Category Theory
Category Theory, as originally developed, is mathematics
applied to the practice of mathematics itself. The concept of
a category
(not to be
confused with the colloquial usage) models a particular
mathematical discourse. Hence we have the category of
sets
, modeling set theory, the category of groups
,
modeling group theory, the category of vector spaces
,
modeling linear algebra, etc. This allows us to reason
precisely about mathematics itself, and in particular about the
relationships between different mathematical discourses, using
the concepts of functor
and natural
transformation
.
We had to discover the notion of a natural transformation. That in turn forced us to look at functors, which in turn made us look at categories.
—Saunders Mac Lane, in The Work of Samuel
Eilenberg in Topology
, 1976.
Applied Category Theory
If category theory is mathematics applied to the practice of
mathematics, then it is already applied, by definition.
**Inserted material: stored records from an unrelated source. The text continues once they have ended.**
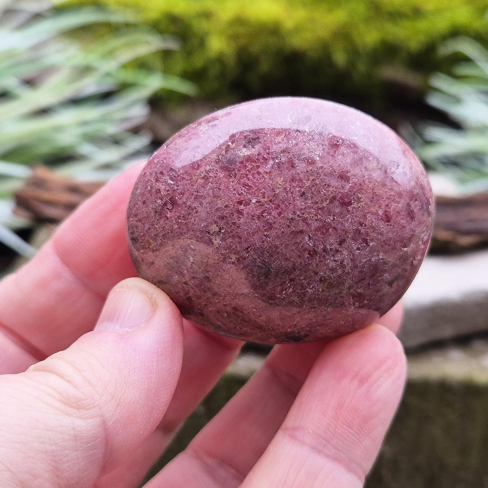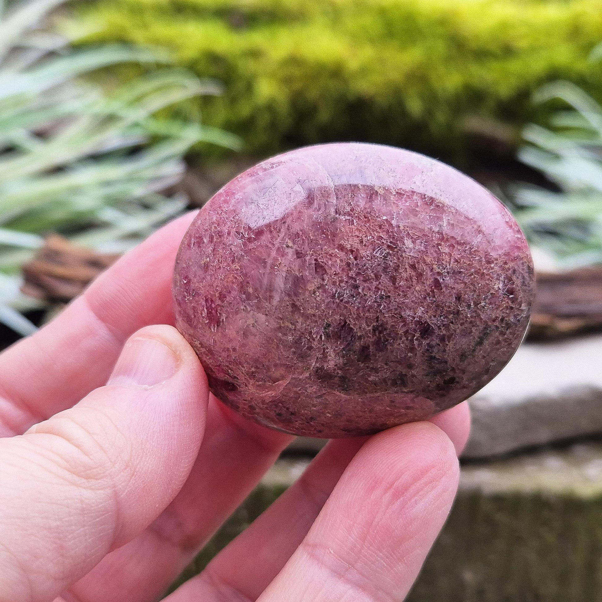 Rhodonite Crystal Pebble – Polished. This polished Rhodonite pebble has a lovely shimmer and is known for its steady, reassuring energy. It’s valued for promoting emotional resilience, reflection, and a compassionate mindset. A grounding and gentle addition to any collection or personal practice.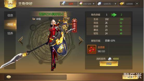 主角每升10级,可消耗血菩提进行突破,获得天赋属性加成。不同职业、不同流派根据不同的定位,其天赋属性也有较大的差别,可在主角信息界面查看。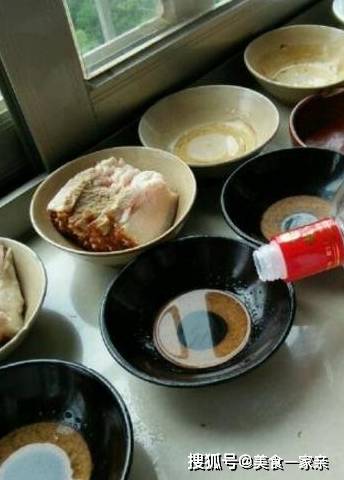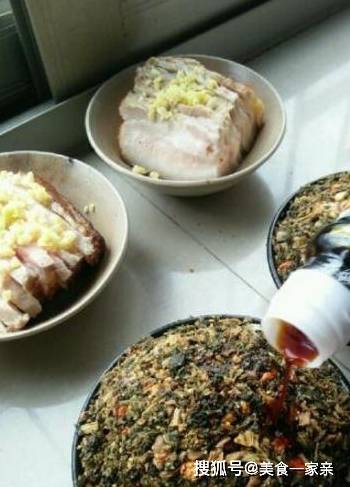 十六,塞好梅菜後,往中間有肉片的梅菜上面淋上醬油,均勻些,轉圈圈淋,最好每塊肉能吸收到醬油。

So applied category theory
is somewhat of a misnomer.
What it really means is category theory applied outside
of mathematics. The strength of this approach is that
central concepts in mathematics, such as number, function, and
equality are no longer taken for granted — instead, the
meta-mathematics of category theory is utilized to create
bespoke abstractions which perfectly fit the target domain,
insofar as it can be described by thought-patterns that are
stable enough that we can work with them collectively
(see David Spivak's definition of math).